Utility model content

In view of this, the purpose of this utility model is to provide a magnetically shielded aluminum electrolytic cell, which overcomes the deficiencies of the prior art. Between the cell shell and the upper structure of the aluminum electrolytic cell, a ferromagnetic material is used to connect the aluminum electrolytic cell. The shell and the upper structure form a closed magnetic circuit. The interior of the aluminum electrolytic cell is located in the space surrounded by ferromagnetic materials. At the same time, the column bus cover is set outside the column bus. With structure, the aluminum electrolytic cell runs stably and has good shielding effect.

In order to achieve the above object, the utility model adopts the following technical solutions:

A magnetically shielded aluminum electrolytic cell, comprising an aluminum electrolytic cell, an anode carbon block is arranged on the aluminum electrolytic cell, an anode guide rod is arranged on the anode carbon block, an anode bus bar is arranged on the anode guide rod, and the anode bus bar is connected to a column For the bus bar, a shielding tank cover plate is arranged between the aluminum electrolytic cell shell and the upper structure of the aluminum electrolytic cell, and a column bus bar cover plate is arranged outside the column bus bar.

Further, the shielding slot cover plate is made of ferromagnetic material, and is composed of multiple pieces to form a whole, each piece can be moved freely, and the shielding slot cover plate is airtight or grid-shaped.

Further, the column busbar cover plate is made of ferromagnetic material, including the column busbar upper cover plate and the column busbar lower cover plate, one end of the column busbar upper cover plate is set on the column, and the other end is connected with the column busbar lower cover plate.

Furthermore, the cover plate of the column bus bar is airtight or grid-shaped.

Further, a short-circuit block cover plate is arranged outside the short-circuit block of the aluminum electrolytic cell.

The beneficial effects of the utility model are:

1. Simple structure, small footprint, does not affect the original structure of the aluminum electrolytic cell;

2. The magnetic shield is located at the key part where the magnetic field is generated, and the shielding effect is good;

3. After adopting the utility model, the complex busbar system originally set up for the purpose of stabilizing the magnetic field can be simplified, a large amount of aluminum materials can be saved, and equipment investment can be reduced;

4. After adopting the magnetic shielding of the utility model, the electrolyzer operates stably, the production efficiency is improved, and the energy-saving effect is remarkable.

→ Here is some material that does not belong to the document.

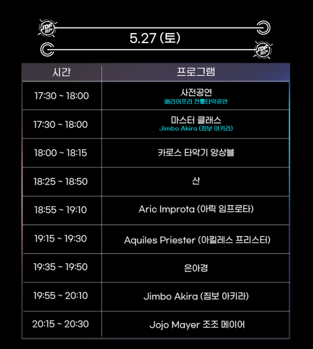 서울드럼페스티벌에는 다양한 아티스트들이 참여하며, 예를 들어 아키라 짐보, 조조 메이어, 아킬레스 프리스터, 아릭 임프로타, 이상민, 서수진, 정초롱 등이 포함됩니다. 국악 크로스 오버, 재즈 드러머, 슈퍼밴드 출신 드러머, 바디퍼커셔니스트 등 다양한 스타일의 아티스트들이 무대에서 드럼을 연주하며 다채로운 서울드럼페스티벌을 선보입니다.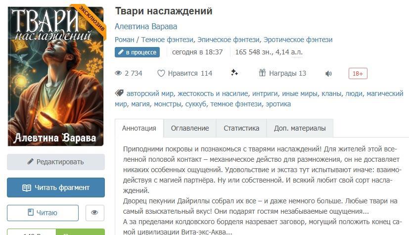 Автор: Алевтина ВараваПро особую колдовскую эротику в мире без секса. Про сложный и запутанный магический мир, в котором общество давит существ, не желающих расставаться с природой. Про монополию нереидов на воду и коварный заговор в верхних слоях власти. Про надменного богатенького мерзавца, который привык получать то, то хочет. Про хитроумную водяницу, которая мечтает заиметь личный замок. И много про что ещё...

Other advantages, objectives and features of the present utility model are set forth in the following description, and to some extent, based on the investigation and research below, it will be obvious to those skilled in the art, or can be obtained from the practice of the present utility model be taught in. The objectives and other advantages of the present utility model can be realized and obtained through the structures particularly pointed out in the following description or accompanying drawings.

Description of drawings

Fig. 1 is the schematic diagram of the column busbar shielding of the utility model;

Fig. 2 is a schematic diagram of the shielding of the tank cover between the tank shell and the upper structure of the aluminum electrolytic tank of the present invention.

Detailed ways

Referring to Fig. 1 and Fig. 2, an anode carbon block 7 is arranged on the aluminum electrolytic cell 8, an anode guide rod 2 is arranged on the anode carbon block 7, an anode bus bar 1 is installed on the anode guide bar 2, and the anode bus bar 1 is connected to the column bus bar 4 . A shielding tank cover plate 9 is set between the shell of the aluminum electrolytic cell 8 and the upper structure, and the shielding tank cover plate 9 connects the shell of the aluminum electrolytic cell 8 and the upper structure to form a closed magnetic shielding circuit. In the space surrounded by the magnetic material, the ferromagnetic material can be a steel plate or other magnetically permeable materials. The shielding groove cover plate 9 is mainly made of ferromagnetic material, and is composed of multiple pieces to form a whole. Each piece can be moved freely. It can be airtight or grid-shaped. Many pieces of ferromagnetic material can be moved to realize The normal operation of the aluminum electrolytic cell 8 is required.

Install the column busbar cover plate on the periphery of the column busbar 4. The column busbar cover plate is spliced or integrally formed by steel plates or other ferromagnetic materials. The part corresponding to the upper end of the column busbar flexible connection can move with the up and down of the column to surround the column busbar 4. Get up, make the column bus 4 in a closed space made of ferromagnetic material, to shield the magnetic field generated by the current of the column bus 4 . The column busbar cover plate is divided into the column busbar upper cover plate 3 and the column busbar lower cover plate, one end of the column busbar upper cover plate 3 is set on the column, and the other end is connected with the column busbar lower cover plate, and the short circuit block 5 is surrounded by a short circuit block cover plate 6. The short-circuit block cover plate 6 is connected with the lower cover plate of the upright busbar, and the short-circuit block cover plate 6 is composed of steel plate or other magnetically conductive materials.

Both the column bus bar cover plate and the short-circuit block cover plate 6 are composed of multiple pieces of ferromagnetic materials to form a whole, and each piece can be moved freely. It can be airtight or grid-shaped. Multiple pieces of ferromagnetic materials can be moved. Easy to operate and maintain.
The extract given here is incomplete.